BEGIN

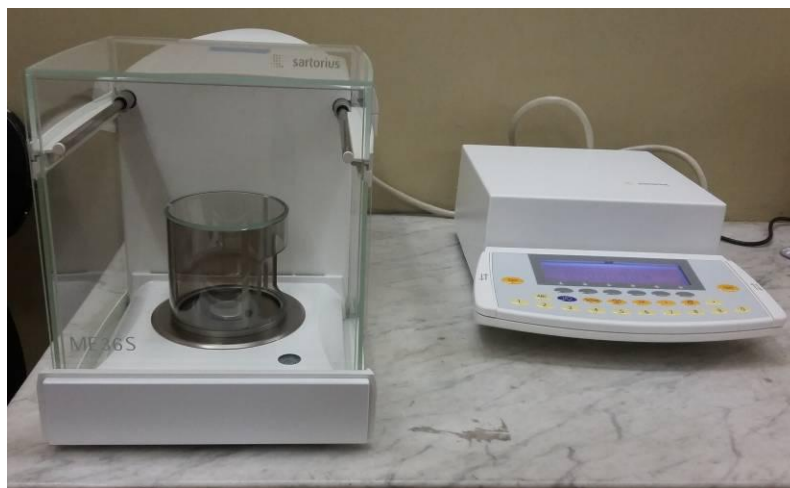
Рисунок 1 - Общий вид весов
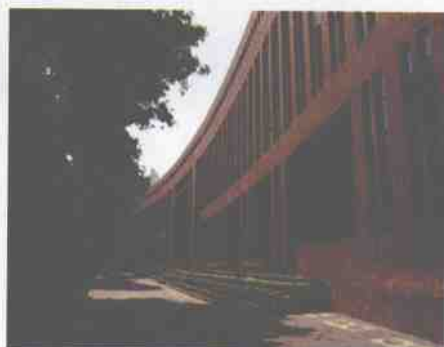
雄伟壮观的新教学楼外沿
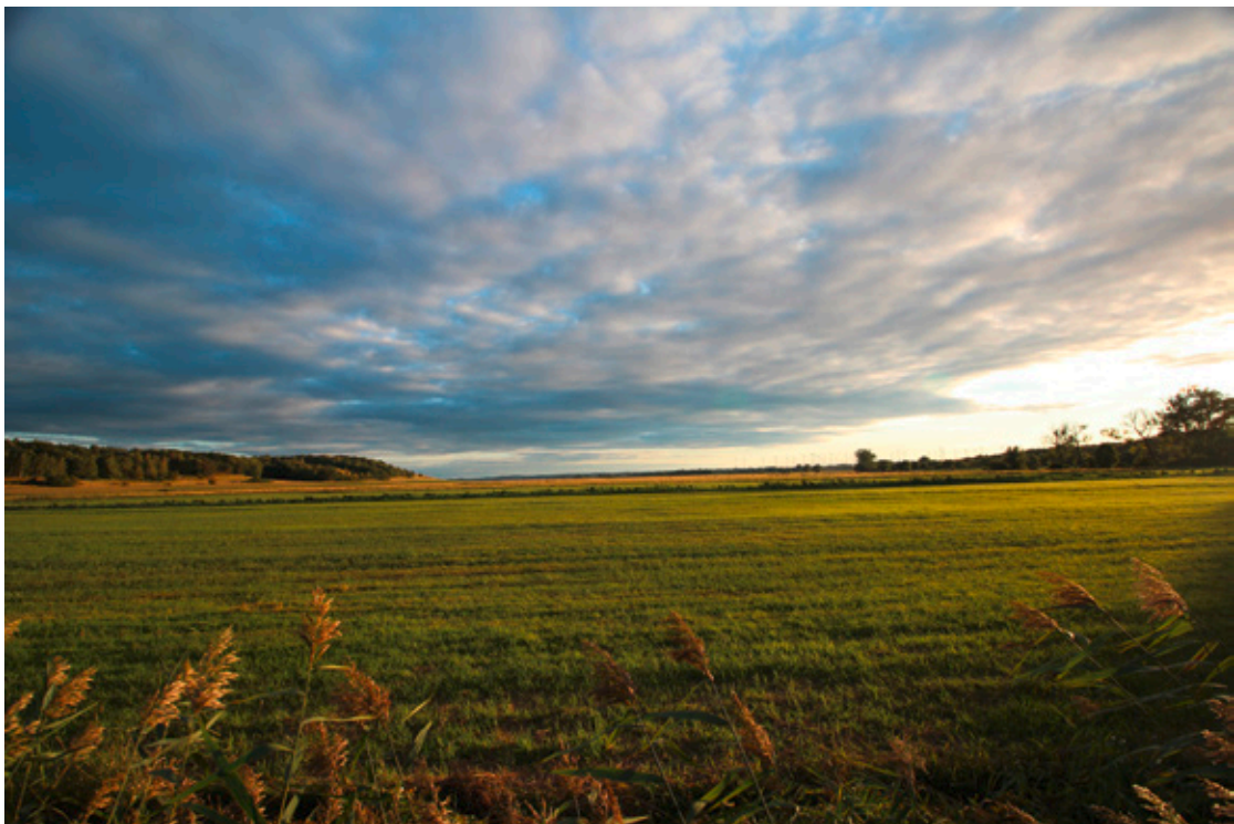
Abendstimmung im Randowtal
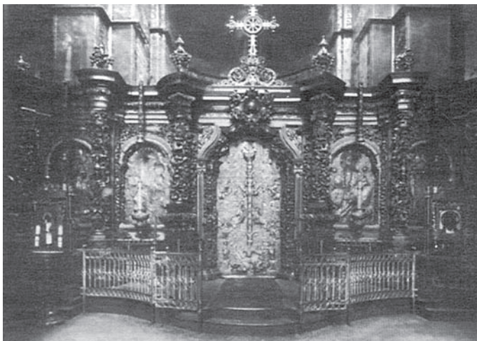
Лл. 3. “Єлизаветинський” іконостас після 1888 року.
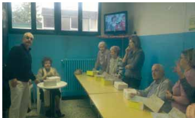
Una fase del gioco a premi
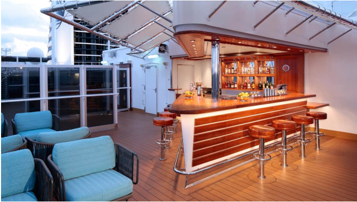
Rotterdam Tamarind terassi
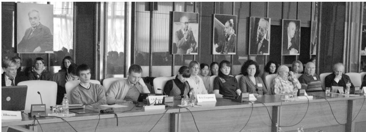
Дубна, 29 марта. Рабочее совещание «Использование ускорителей заряженных частиц для изучения радиационных повреждений в системах высокого уровня организации (космические, медико-биологические и технические аспекты)»

END

| DIRECTIONS |
Please hand back every entry above exactly, with no images in the copy.

| EXERCISE SOLUTION |
Рисунок 1 - Общий вид весов
雄伟壮观的新教学楼外沿
Abendstimmung im Randowtal
Лл. 3. “Єлизаветинський” іконостас після 1888 року.
Una fase del gioco a premi
Rotterdam Tamarind terassi
Дубна, 29 марта. Рабочее совещание «Использование ускорителей заряженных частиц для изучения радиационных повреждений в системах высокого уровня организации (космические, медико-биологические и технические аспекты)»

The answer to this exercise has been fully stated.